From: Jan Kara <jack@suse.cz>
To: Sergey Meirovich <rathamahata@gmail.com>
Cc: Jan Kara <jack@suse.cz>, Christoph Hellwig <hch@infradead.org>,
linux-scsi <linux-scsi@vger.kernel.org>,
Linux Kernel Mailing List <linux-kernel@vger.kernel.org>,
Gluk <git.user@gmail.com>
Subject: Re: Terrible performance of sequential O_DIRECT 4k writes in SAN environment. ~3 times slower then Solars 10 with the same HBA/Storage.
Date: Fri, 10 Jan 2014 10:36:23 +0100 [thread overview]
Message-ID: <20140110093623.GD26378@quack.suse.cz> (raw)

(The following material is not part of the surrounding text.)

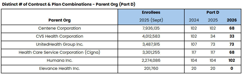 Centene and Health Care Service Corporation (Cigna) account for the majority of Part D plan decreases
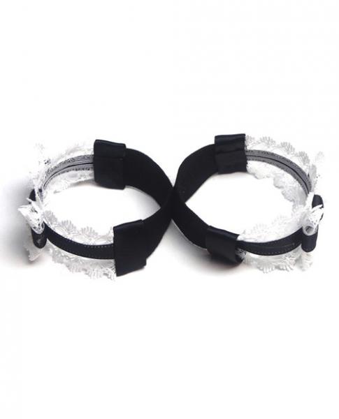 Unveil the royalty inside you with these seductively simple handcuffs! Soft elastic encircles the wrists or ankles for a sweet escape. Lacy accents the edges for a flirtatious embrace. Handcrafted satin tyes. Elasticized fit. From Tyes by Tara.

In-Reply-To: <CA+QCeVQuq4hM+kVfb8a2iMAUtF6QrR4sy=O-AuAgMoCWUsDg4w@mail.gmail.com>
On Thu 09-01-14 12:11:16, Sergey Meirovich wrote:
> Hi Jan,
> On 8 January 2014 22:55, Jan Kara <jack@suse.cz> wrote:
> >
> >> So far I've seen so massive degradation only in SAN environment. I
> >> started my investigation with RHEL6.5 kernel so below table is from it
> >> but the trend is the same as for mainline it seems.
> >>
> >> Chunk size Bandwidth MiB/s
> >> ================================
> >> 64M 512
> >> 32M 510
> >> 16M 492
> >> 8M 451
> >> 4M 436
> >> 2M 350
> >> 1M 256
> >> 512K 191
> >> 256K 165
> >> 128K 142
> >> 64K 101
> >> 32K 65
> >> 16K 39
> >> 8K 20
> >> 4K 11
> > Yes, that's expected. The latency to complete a request consists of some
> > fixed overhead + time to write data. So for small request sizes the latency
> > is constant (corresponding to bandwidth growing linearly with the request
> > size) and for larger request sizes latency somewhat grows so bandwidth grows
> > slower and slower (as the time to write the data forms larger and larger
> > part of the total latency)...
>
> Why these latencies are not hurting random 4k on XtremIO so much? It
> gave 451.11Mb/sec 115485.02 Requests/sec
If you are doing random IO (or any IO which doesn't update file size),
the IO is really asynchronous. So you have lots of IO requests running on
the storage at once. And you also have even more IO requests waiting in the
block layer which are sent to the storage at the moment when it reports
completion of some IO. So latency of a single request is *much* smaller.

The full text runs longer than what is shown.